To do: Please give back the listing exactly, without any of its pictures.

Provided material:
········
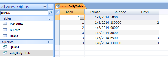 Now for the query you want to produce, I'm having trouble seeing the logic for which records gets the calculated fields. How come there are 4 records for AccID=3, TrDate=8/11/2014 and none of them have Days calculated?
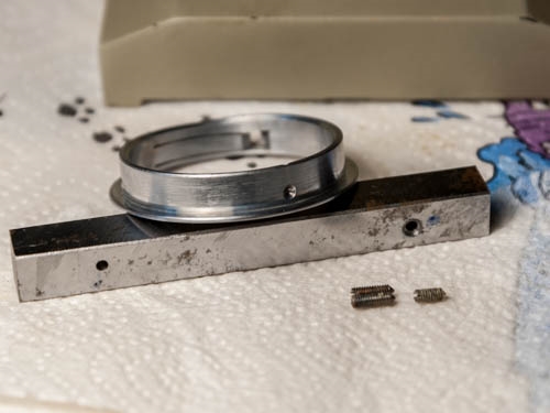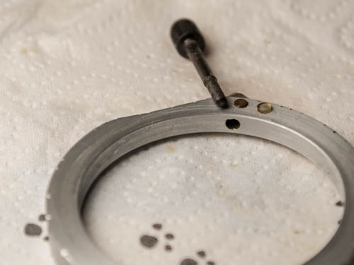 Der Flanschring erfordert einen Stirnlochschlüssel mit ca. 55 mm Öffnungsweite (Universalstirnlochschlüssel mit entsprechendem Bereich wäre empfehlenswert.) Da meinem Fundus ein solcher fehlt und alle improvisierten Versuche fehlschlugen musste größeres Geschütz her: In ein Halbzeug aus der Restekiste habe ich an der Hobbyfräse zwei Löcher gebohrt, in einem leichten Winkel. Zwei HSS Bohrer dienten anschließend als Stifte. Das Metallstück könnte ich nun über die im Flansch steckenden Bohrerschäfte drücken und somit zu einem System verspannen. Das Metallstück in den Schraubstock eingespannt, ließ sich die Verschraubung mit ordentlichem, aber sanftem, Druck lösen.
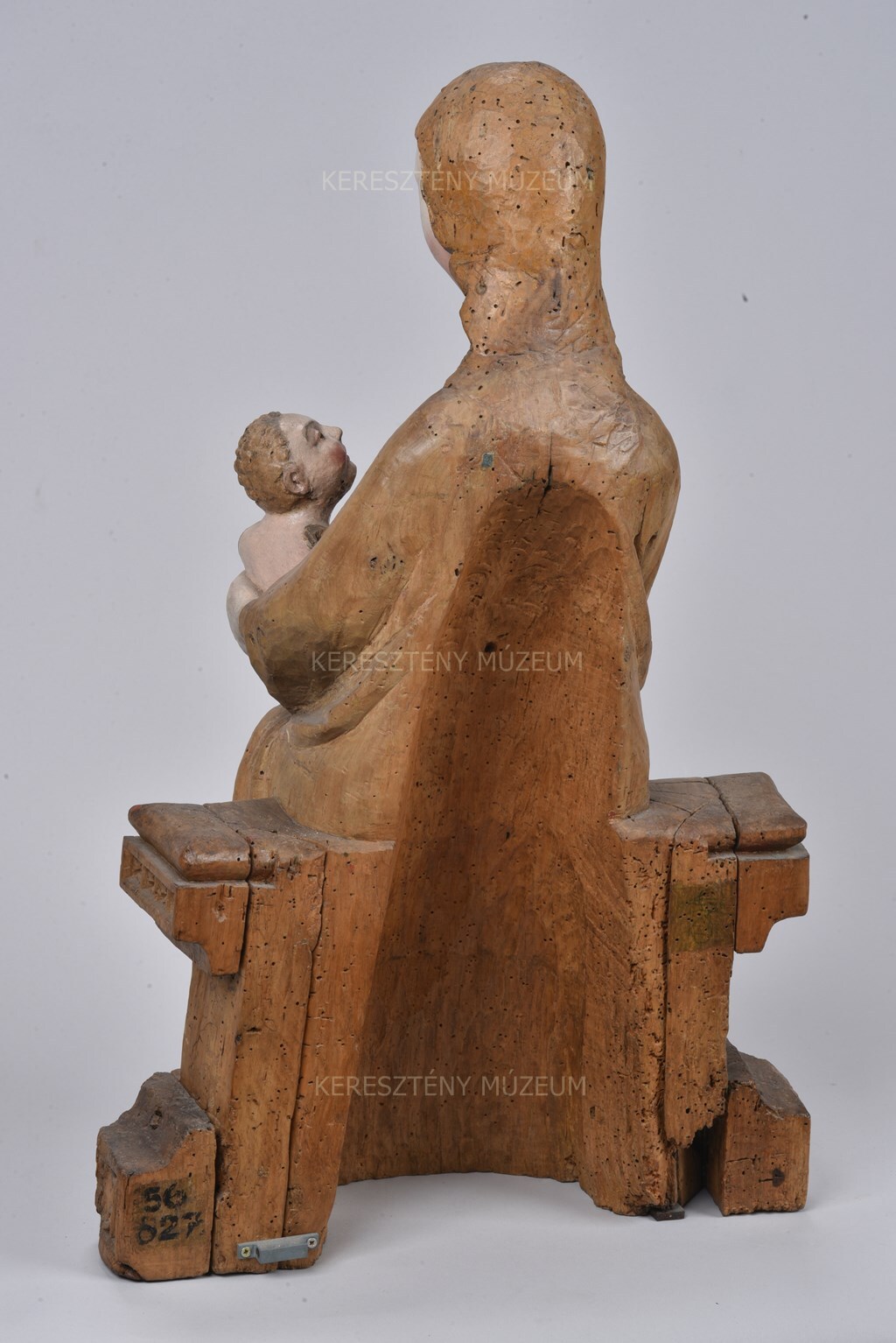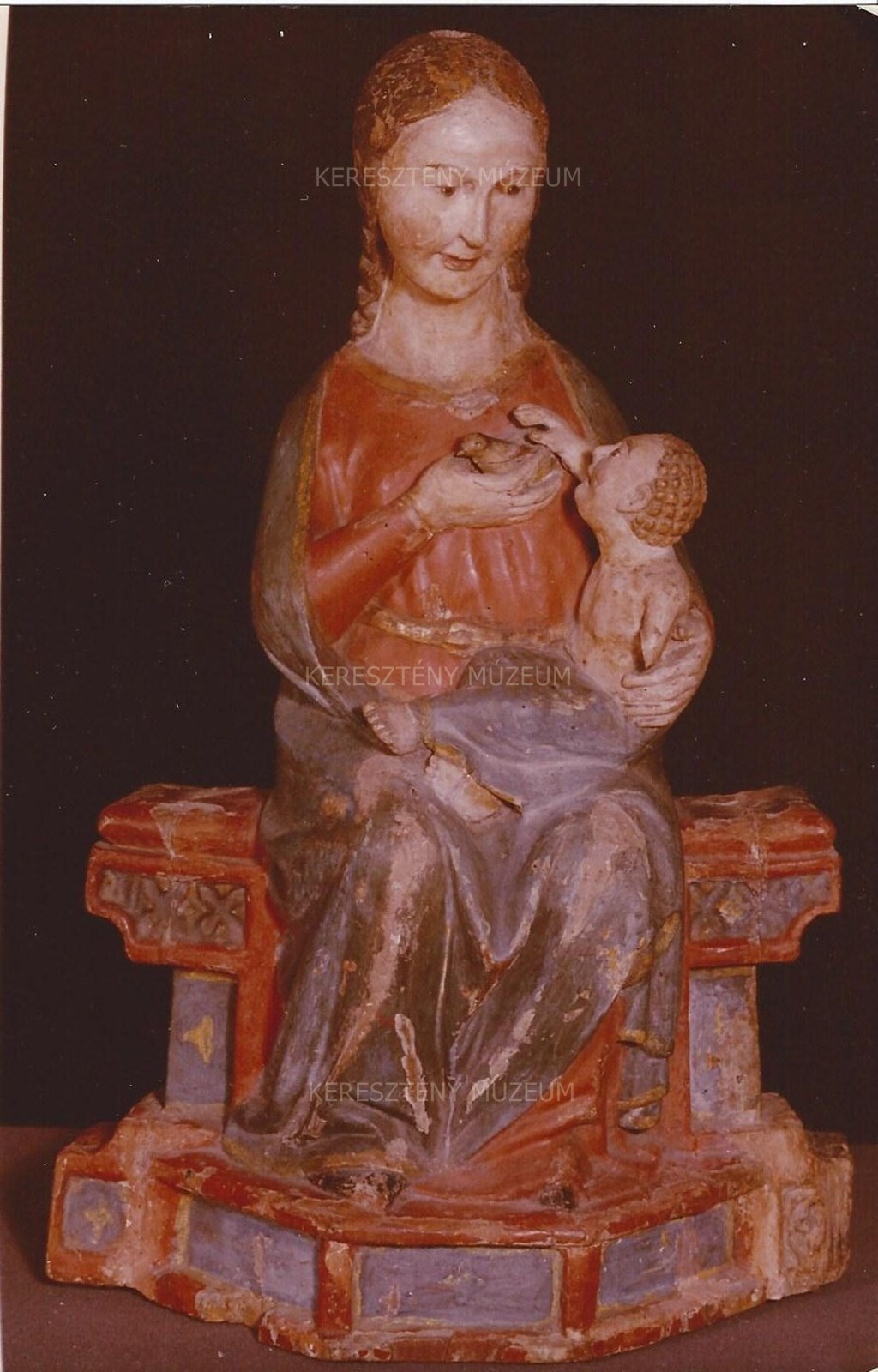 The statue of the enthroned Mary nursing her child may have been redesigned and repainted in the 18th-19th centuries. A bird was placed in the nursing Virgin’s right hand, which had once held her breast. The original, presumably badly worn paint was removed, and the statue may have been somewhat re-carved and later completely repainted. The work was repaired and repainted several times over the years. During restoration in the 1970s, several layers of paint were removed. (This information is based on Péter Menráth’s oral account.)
········
Answer:
 Now for the query you want to produce, I'm having trouble seeing the logic for which records gets the calculated fields. How come there are 4 records for AccID=3, TrDate=8/11/2014 and none of them have Days calculated?
 Der Flanschring erfordert einen Stirnlochschlüssel mit ca. 55 mm Öffnungsweite (Universalstirnlochschlüssel mit entsprechendem Bereich wäre empfehlenswert.) Da meinem Fundus ein solcher fehlt und alle improvisierten Versuche fehlschlugen musste größeres Geschütz her: In ein Halbzeug aus der Restekiste habe ich an der Hobbyfräse zwei Löcher gebohrt, in einem leichten Winkel. Zwei HSS Bohrer dienten anschließend als Stifte. Das Metallstück könnte ich nun über die im Flansch steckenden Bohrerschäfte drücken und somit zu einem System verspannen. Das Metallstück in den Schraubstock eingespannt, ließ sich die Verschraubung mit ordentlichem, aber sanftem, Druck lösen.
 The statue of the enthroned Mary nursing her child may have been redesigned and repainted in the 18th-19th centuries. A bird was placed in the nursing Virgin’s right hand, which had once held her breast. The original, presumably badly worn paint was removed, and the statue may have been somewhat re-carved and later completely repainted. The work was repaired and repainted several times over the years. During restoration in the 1970s, several layers of paint were removed. (This information is based on Péter Menráth’s oral account.)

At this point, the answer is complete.